AP Moller Group records 6% profit drop in 2013 amid market challenges
As a result of the challenges in the global shipping market last year, AP Moller Maersk Group, a Danish shipping conglomerate, has recorded about 6 percent drop in profit to $3.8 billion in 2013, down from $4.04 billion recorded in 2012.
According to the group, profit for 2013 was negatively affected by lower freight rates in Maersk Line, decline in Maersk Oil’s share production, decline in average oil prices and impairment losses in Maersk tankers, and non-recurring business transformation costs in Damco.
However, profit was positively affected by improved volumes and units cost reduction in Maersk Line, higher volume in APM Terminals, and higher operational uptime in Maersk Drilling.

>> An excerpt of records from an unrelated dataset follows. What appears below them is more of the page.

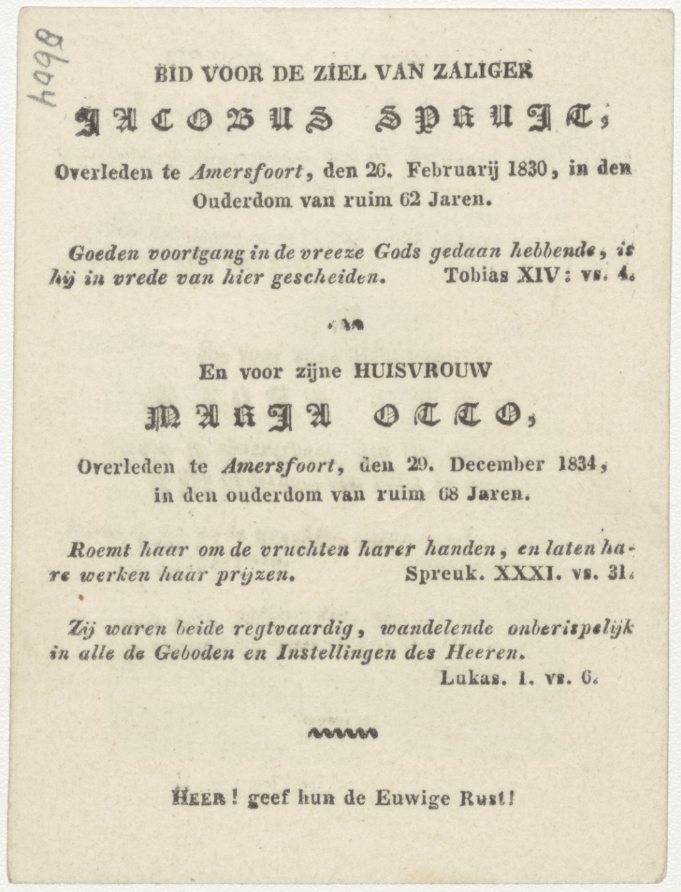 H. Joannes de Doper, kz. Bid voor ziel Jacobus Spruit (+1830) en zijn huisvrouw Maria Otto (+1834), Amersfoort
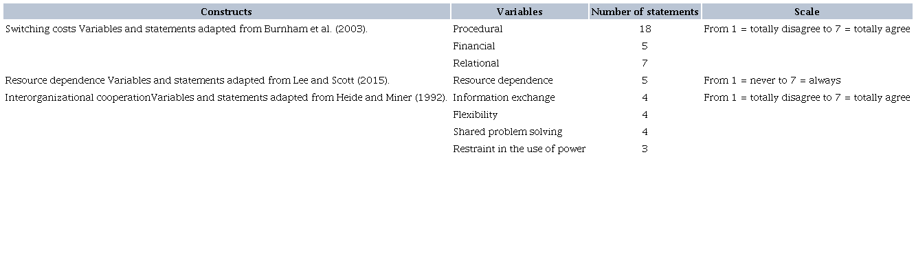 The EFA used during data analysis required the exclusion of four statements of the switching costs construct, three of the resource dependence construct, and three of the interorganizational cooperation construct. This suggests a limitation of the investigation since the exclusion of statements may compromise the proposed constructs’ nomological validity.
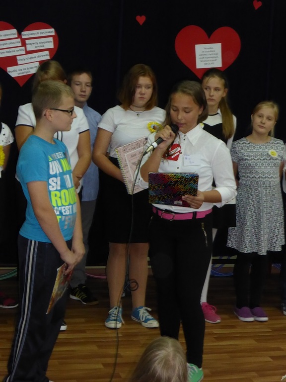 Tradycyjnie po uroczystej akademii miał miejsce poczęstunek i rozdanie serc z cytatem Jana Pawła II "Bądźcie świadkami miłosierdzia".
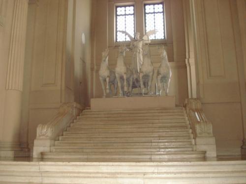 Спустившись до середины лестницы, мы полюбовались статуей Кола Риенца, который стал жертвой народной расправы.
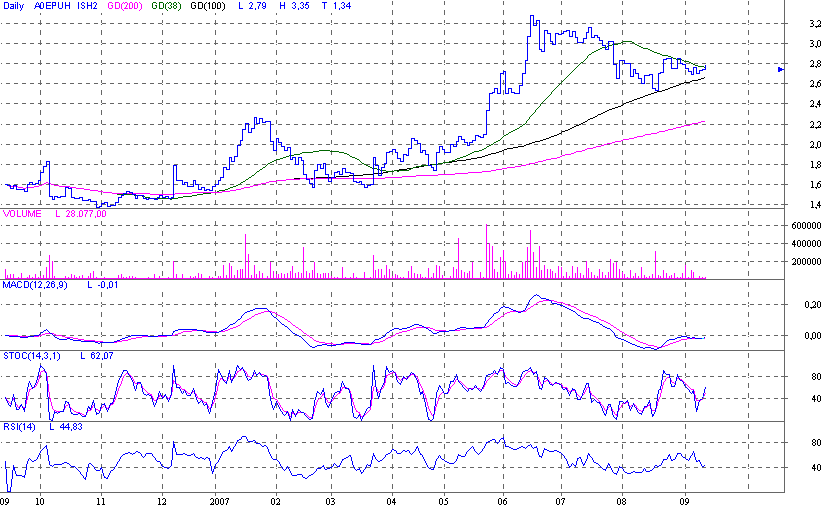 Zudem tut sich bei der Aktie in letzter Zeit auch im charttechnischen Bereich einiges. Die Aktie schickt sich an das Aprilhoch aus 2006 bei 3,84 Euro zu knacken. Gelingt ihr dies, wäre der Weg frei bis 4,50 Euro.
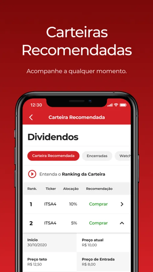 Carteiras de recomendações de ativos;
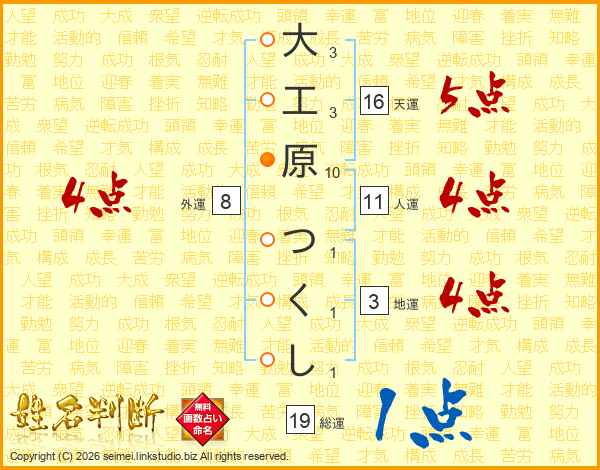 大工原つくしさんの人運は11画の4点!
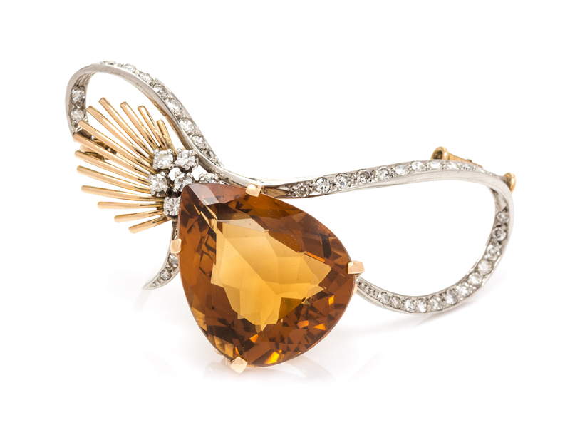 A Retro Rose Gold, Platinum, Citrine and Diamond Brooch,
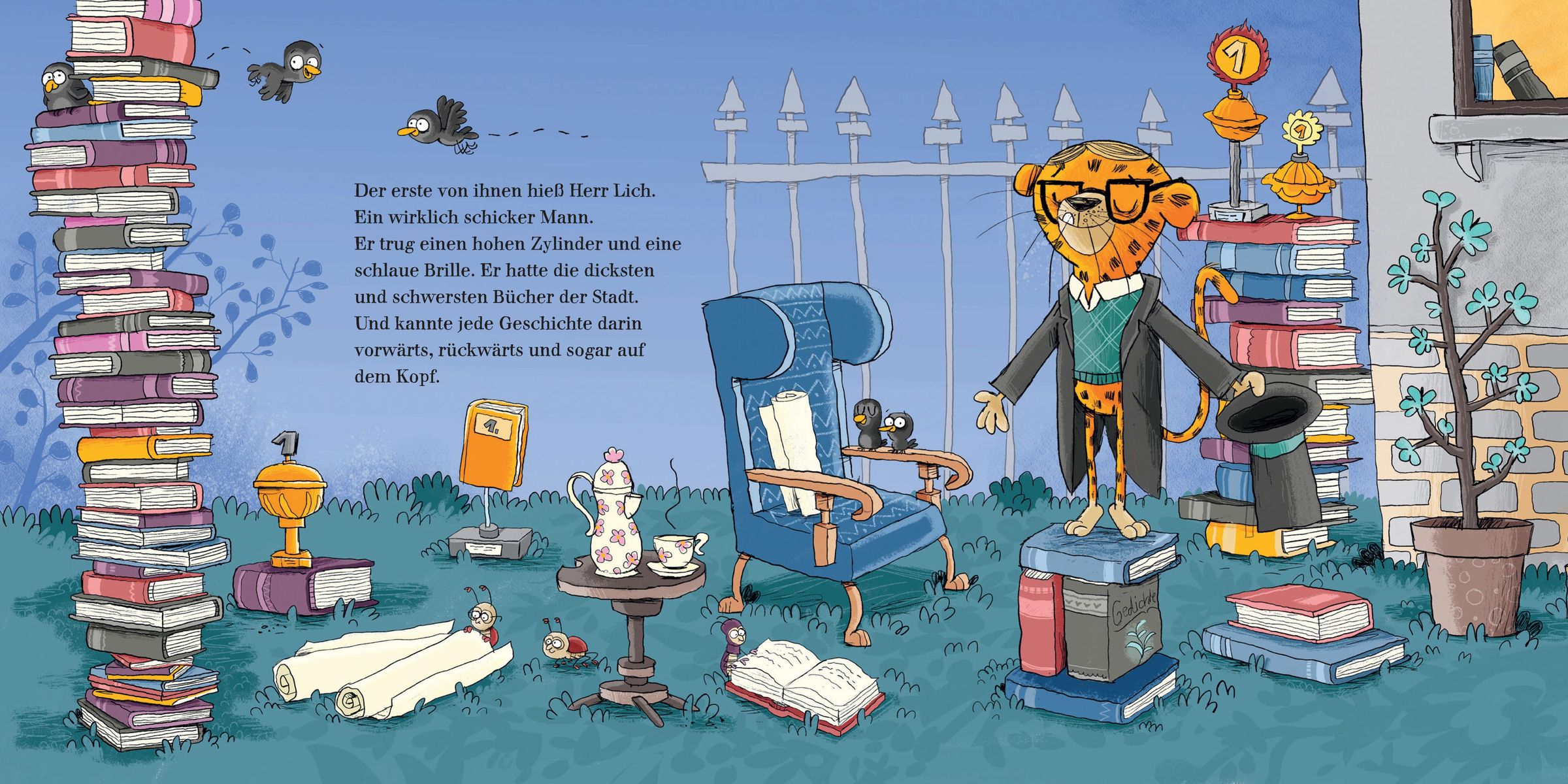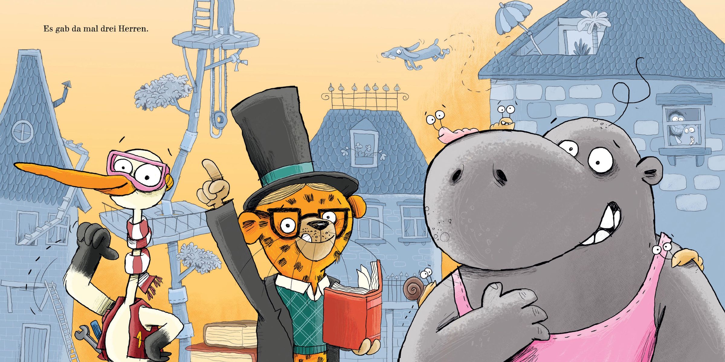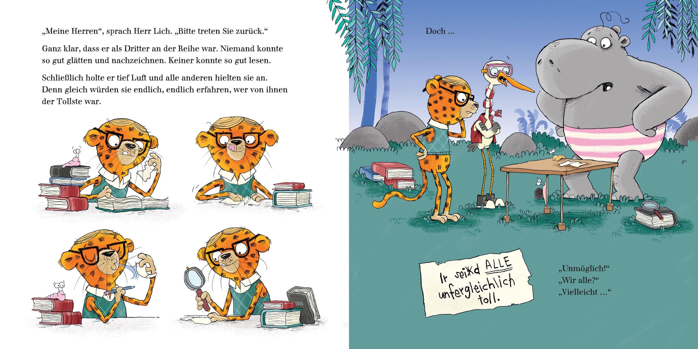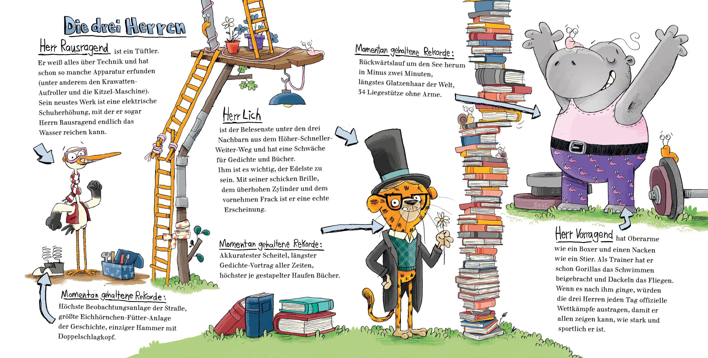 Es gab mal drei (tierische) Herren: Herr Lich hatte die dicksten Bücher und las sie vorwärts und rückwärts. Herr Vorragend war ein bulliger Mann mit Gürtel und Glatze, der die schnellsten Schnecken der Stadt trainierte. Herr Rausragend war ein genialer Erfinder, dessen Schuhe auf Knopfdruck wachsen konnten. Eines Tages wollten sie klären, wer von ihnen der Tollste war - im Höher-Schneller-Weiter-Weg und am Größer-Tiefer-Schöner-See. Sie schwammen, tüftelten und übertrafen sich - bis sie merkten: Zusammen sind wir die Allerallerbesten!
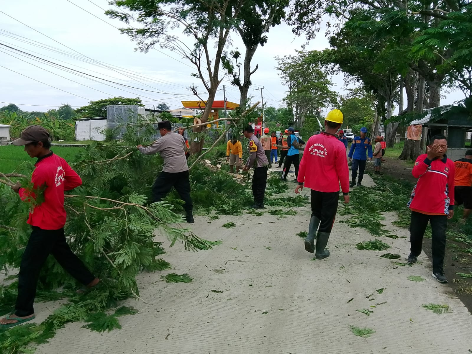 Selama kegiatan berlangsung, anggota Polsek Kwadungan melakukan pengaturan arus lalu lintas guna memastikan proses pemangkasan berjalan aman dan tidak menimbulkan kemacetan serta membantu menyingkirkan dahan yang sudah dipotong.
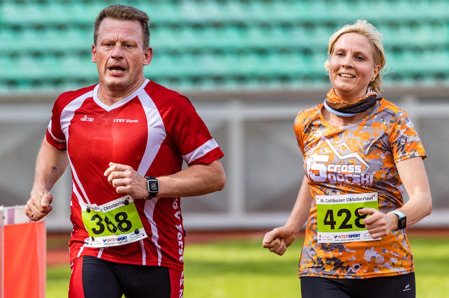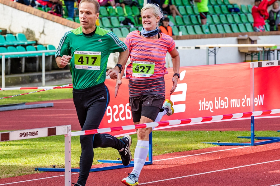 Am Sonntag fand bei schönstem Herbstwetter der 46. Cottbuser Oktoberlauf statt. Im Leichtathletikstadion fanden sich 285 Teilnehmer ein. Im ersten Wettbewerb gingen 50 kleine Bambinis (1 bis 7 Jahre) auf die 400 Meter Stadionrunde. Darauf folgte der Junior-Cross, als neue Strecke über 2 Kilometer, für die 7 bis 13-jährigen. Rund 45 Kinder absolvierten die, mit leichtem Anstieg und wurzligen Passagen versehene, anspruchsvolle Runde. Hier siegten mit Ella Kurzmann in 8:46,1 min und Alexander Bönisch in 9:22,2 min, zwei Athleten vom TSV Cottbus. Die 5 und 10 Kilometer Strecken führten wieder durch die herbstliche Landschaft des Madlower Volksparks. Mit großen Vorsprung siegte bei den Frauen über die 10 Kilometer, Blanka Dörfel in 37:08,2 min vom gastgebenden Verein LC Cottbus und bei den Männern ihr Vereinskollege Constantin Schulz in 35:56,8 min. Den Sieg über die 5 Kilometer holten sich bei den Frauen Zora Schalow in 20:39,6 min und bei den Männern Justus Wegner vom SV Olympia Cottbus e.V. in 17:43,4 min.
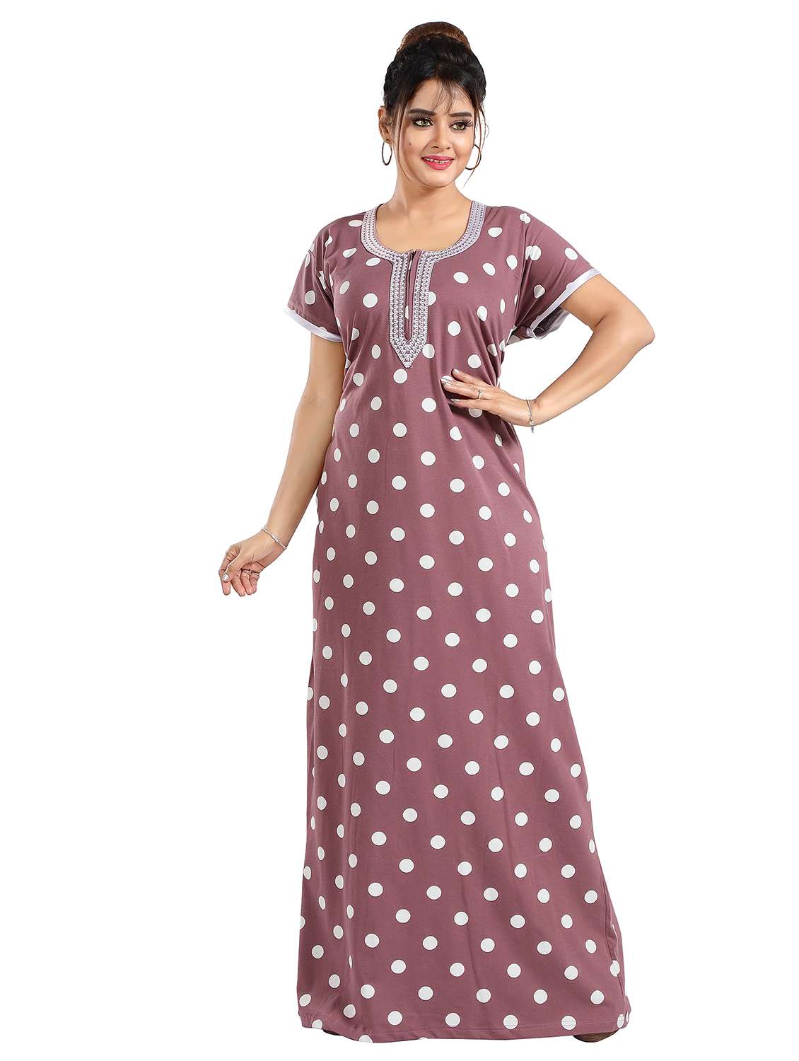 Elevate your nighttime comfort with the LadyVenom Women's CottonSinker Nighty/Night Dress/Gown Printed Maxi. Crafted from premium cottonsinker fabric, this night dress is designed to offer you the perfect blend of softness, style, and comfort. Experience luxurious softness against your skin with the high-quality cottonsinker material. This fabric ensures a gentle and soothing feel, allowing you to relax and unwind after a long day. Featuring a printed maxi design, this night dress exudes elegance and charm. The beautiful prints add a touch of personality and flair to your nighttime attire, making bedtime feel like a fashionable affair. The loose and flowy silhouette of this nighty provides you with unrestricted movement, allowing you to move freely and comfortably as you sleep. Whether you're lounging around the house or getting ready for bed, this night dress offers versatility and ease. With its timeless design, this nighty is suitable for all seasons. From warm summer nights to chilly winter evenings, it provides the perfect combination of comfort and style, ensuring you feel fabulous all year round. Available in a range of sizes to cater to every body type, the LadyVenom Women's CottonSinker Nighty/Night Dress/Gown Printed Maxi ensures a comfortable and flattering fit for all. Treat yourself to ultimate relaxation and sophistication with this must-have nighttime essential.

“Maersk Line strengthened profitability despite challenging shipping markets, while APM Terminals and Maersk Drilling had their best result to date,” said Nils Andersen, group chief executive officer, AP Moller Maersk. “We have reason to be pleased with profit development in 2013 because the group reached $4 billion in underlying earnings, an increase of $1 billion from the previous year.”
He also attributed the profit to the improved results recorded in most of the group’s other businesses, such that six out of eight businesses came out of 2013 as top quartile performers in their industries.
Further breakdown shows that the group’s revenues were also 4 percent lower at $47.39 billion in 2013 compared to $49.49 billion of the previous year. Maersk Line grew its profit to $1.5 billion, from $461 million a year earlier, with the improvement credited to vessel network efficiencies resulting in lower units cost and lower bunker price. This is despite average freight rates decreasing by 7.2 percent to $2,674 per TEU compared to $2,881 per TEU in 2012. Bunker consumption was reduced by 12.1 percent.
APM Terminals also reported an increased profit of $770 million in 2013 compared to the $701 million in the previous year. The number of containers handled increased by 3 percent to 36.3 million TEU compared to 35.4 million TEUs recorded in 2012. Volume increase was as a result of portfolio addition and development of new terminals.
Also, full utilisation of its rig fleet yielded high result of $528 million for Maersk Drilling compared to $347 million of 2012. Maersk Drilling, in the year under review, secured contracts for six out of eight new buildings to be delivered in 2014 and 2016.
Expectedly, Maersk Tankers retained a loss of $317 million, from the $315 million loss recorded in 2012. The result was impacted by impairment losses and provisions and restructuring costs.
Listing the outlook for 2014, the group says it expects a result that is significantly above last year result to be driven by volume growth in both Maersk Line and APM Terminals. The positive result that would be recorded by the group is also expected to be driven by sale of Dank Supermarked Group as well as other underlying factors.